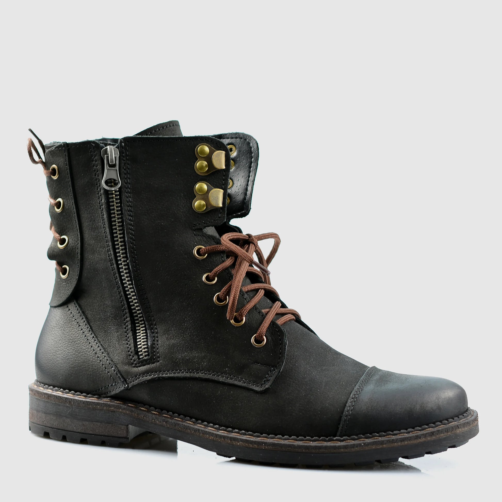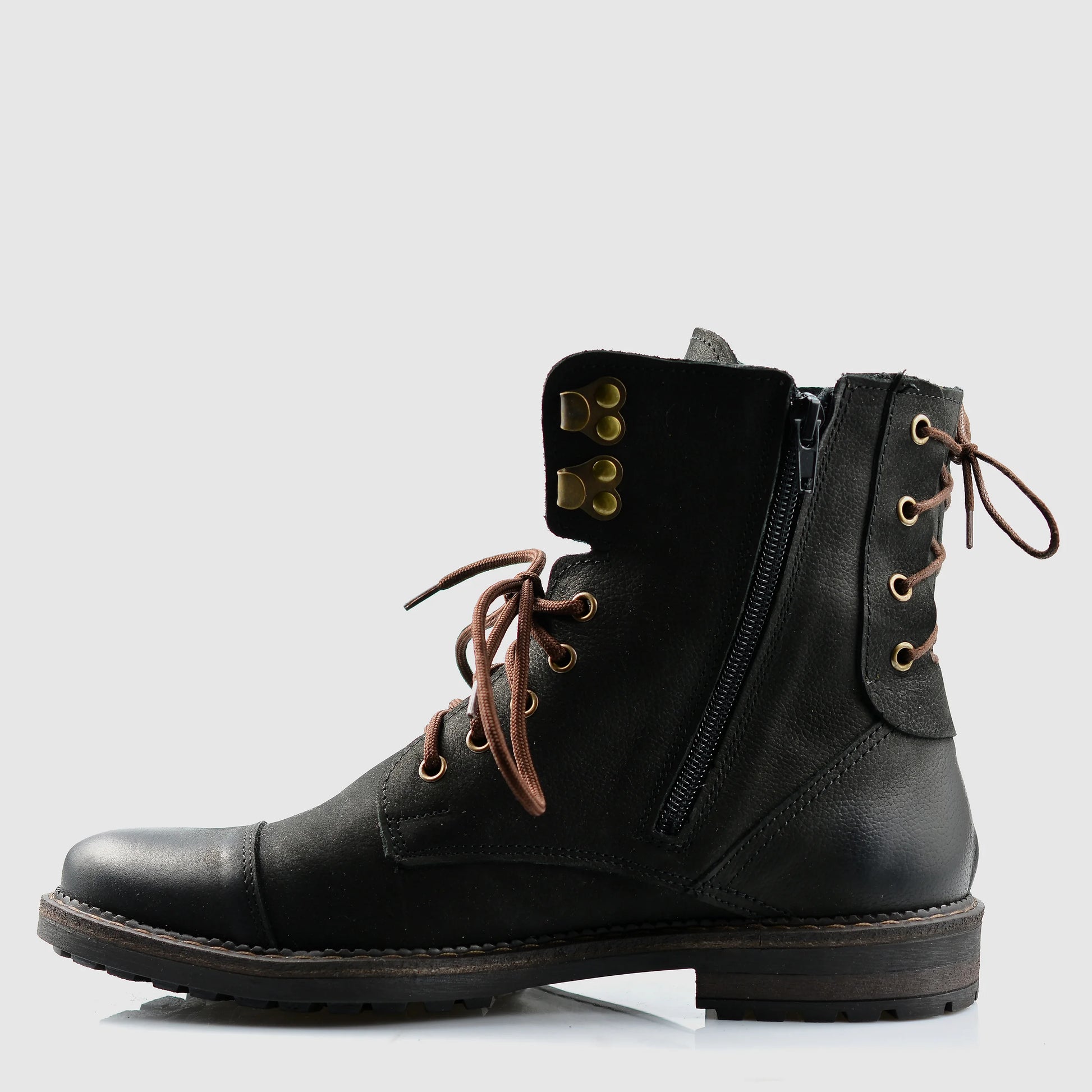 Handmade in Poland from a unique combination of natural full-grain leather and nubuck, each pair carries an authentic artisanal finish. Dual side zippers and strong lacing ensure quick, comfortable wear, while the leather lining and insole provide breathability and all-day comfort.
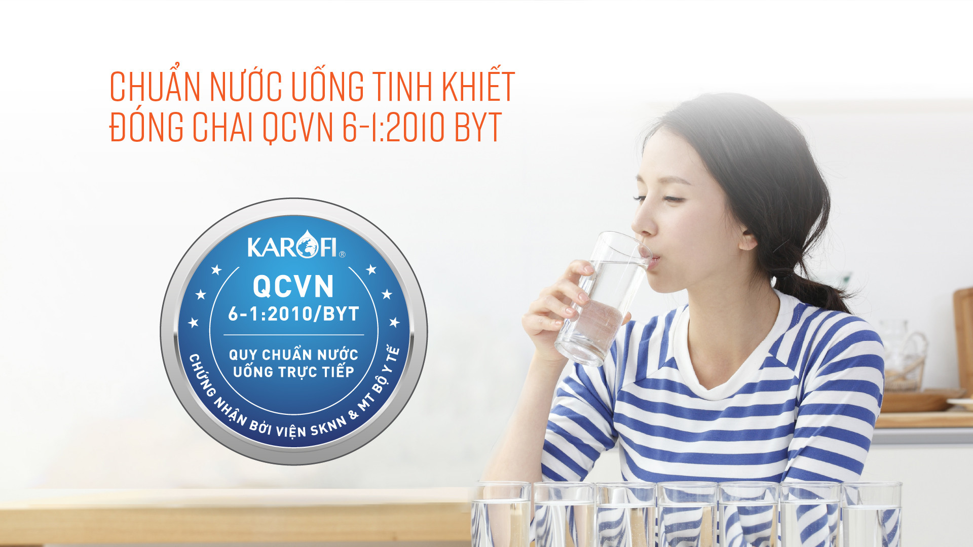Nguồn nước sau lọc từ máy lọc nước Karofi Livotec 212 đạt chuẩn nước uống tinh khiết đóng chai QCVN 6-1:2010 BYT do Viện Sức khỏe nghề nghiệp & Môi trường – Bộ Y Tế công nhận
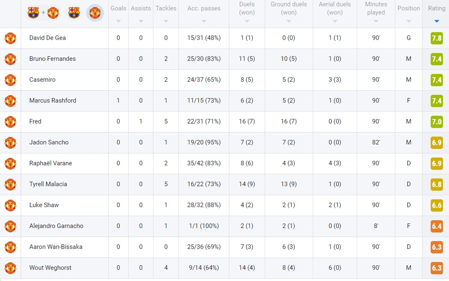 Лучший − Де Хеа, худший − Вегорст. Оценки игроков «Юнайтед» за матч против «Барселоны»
# # #
(What to work on) Transcribe, without alteration, each line from the one with "Nguồn nước sau" through the last line of the data; no pictures belong in the copy.

(Reply to the task)
Nguồn nước sau lọc từ máy lọc nước Karofi Livotec 212 đạt chuẩn nước uống tinh khiết đóng chai QCVN 6-1:2010 BYT do Viện Sức khỏe nghề nghiệp & Môi trường – Bộ Y Tế công nhận
 Лучший − Де Хеа, худший − Вегорст. Оценки игроков «Юнайтед» за матч против «Барселоны»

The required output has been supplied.